1. If head != tail, that means head and tail point to different nodes, and that means the list size is greater than one.


2. Head now points to the current second node of the list (temp points to the first node so temp -> next is the second node).

3. The prev pointer of the second node, which head is now pointing to, points to NULL, no longer connecting to the first node and thus making it so that the second node is the first node and only temp connects to the old first node. Temp is then deleted, completely removing the old first node.

4. The else statement only executes if the list’s size is 1 (if the list’s size is 0, we are violating the function’s invariant!). Since we are removing the only node in the list if this statement executes, we make head and tail both point to NULL so that we have an empty list.



As for removeBack, I’m going to leave you to think about how to write that function.
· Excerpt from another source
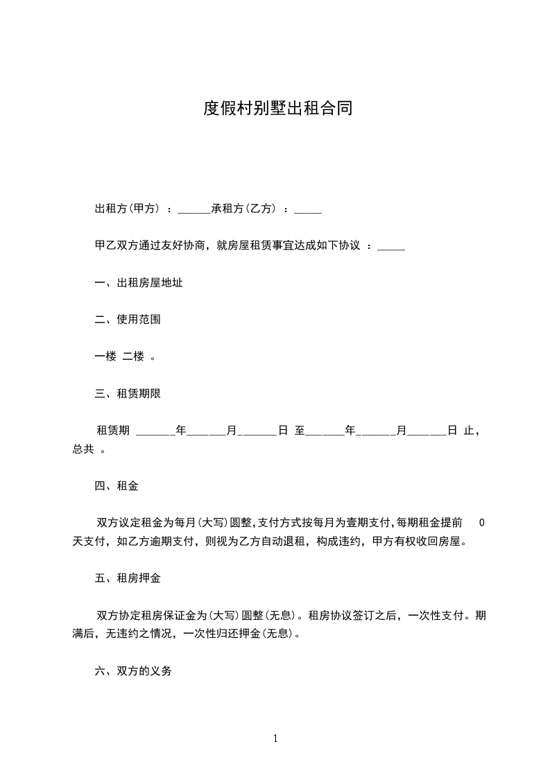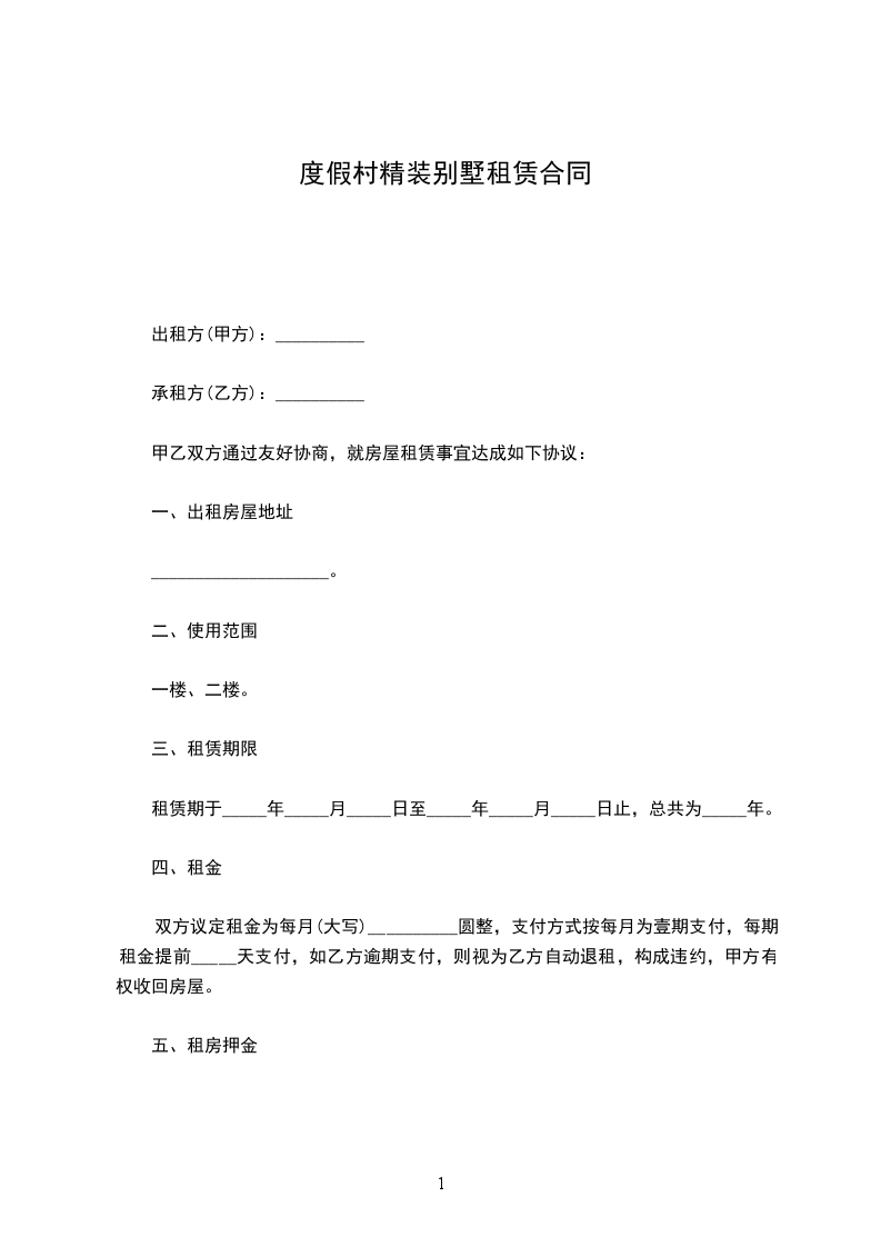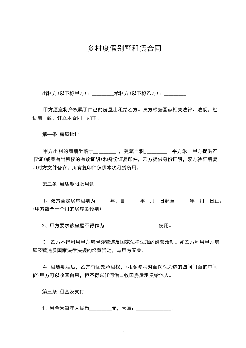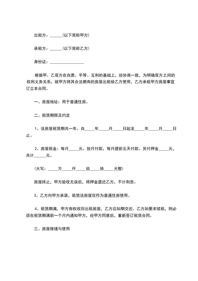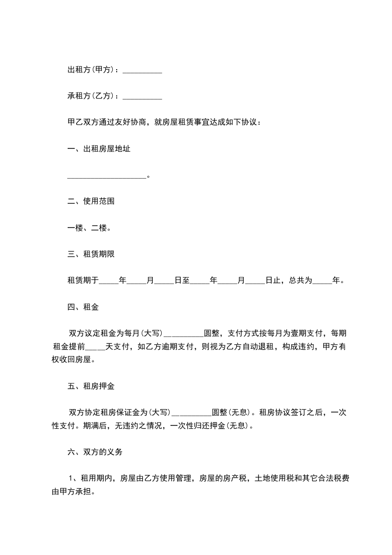 1、该房屋租赁期共一年。自_____年_____月_____日起至_____年_____月_____日止。

Want a hint? Let’s just say that the doubly-linked property of the list means that anything you can do with one end you can do with the other the same way.

However, an important thing to notice here is that since removeBack, much like insertBack does not require any traversal like it would in a singly-linked list, both the front and back versions of insert and remove give us an awesome O(1) runtime.

Here’s a diagram of the remove function (I’m only showing you removeFront this time because I don’t want to give you too many hints on how to make removeBack. Okay okay you win. I’ll give you one more hint. Look at the insert diagram and see how insertBack corresponds to insertFront. Then think about how removeBack would correspond to removeFront in this really tall drawing.)


The doubly-linked property does provide a little bit of a challenge with the ith versions of insert and remove.
 
//Invariant: insertIth is never used to insert at a position greater than the size of the list.

//Note: The insertIth and removeIth functions will use indexing that starts with zero to prevent confusion with array indexing.
void DList::insertIth(int x, int pos)
{
    DNode* add = new DNode;
    add -> data = x;
    if(pos == 0)//1
    {
        insertFront(x);
    }
    else
    {
        DNode* temp = head;

        for(int i = 0; i < pos - 1; i++)//2
            temp = temp -> next;
        if(temp == tail) //3
        {
            insertBack(x);
        }
        else //4
        {
            add -> next = temp -> next;
            add -> prev = temp;
            temp -> next -> prev = add;
            temp -> next = add;
        }
    }
}

1. Much like insertIth in a singly-linked list, if we are inserting at position 0, we just call insertFront since it can do the same insertion with a runtime of O(1) without any extra code in the insertIth function.


2. Like in the singly-linked list version of insertIth, we iterate temp so that it goes to the position right before where we want to insert.

3. Now here’s where the doubly-linked list’s version of insertIth gets interesting. Since insertBack in a doubly-linked list has a runtime of O(1), instead of adding extra code for the condition of adding at the tail, we can just call insertBack.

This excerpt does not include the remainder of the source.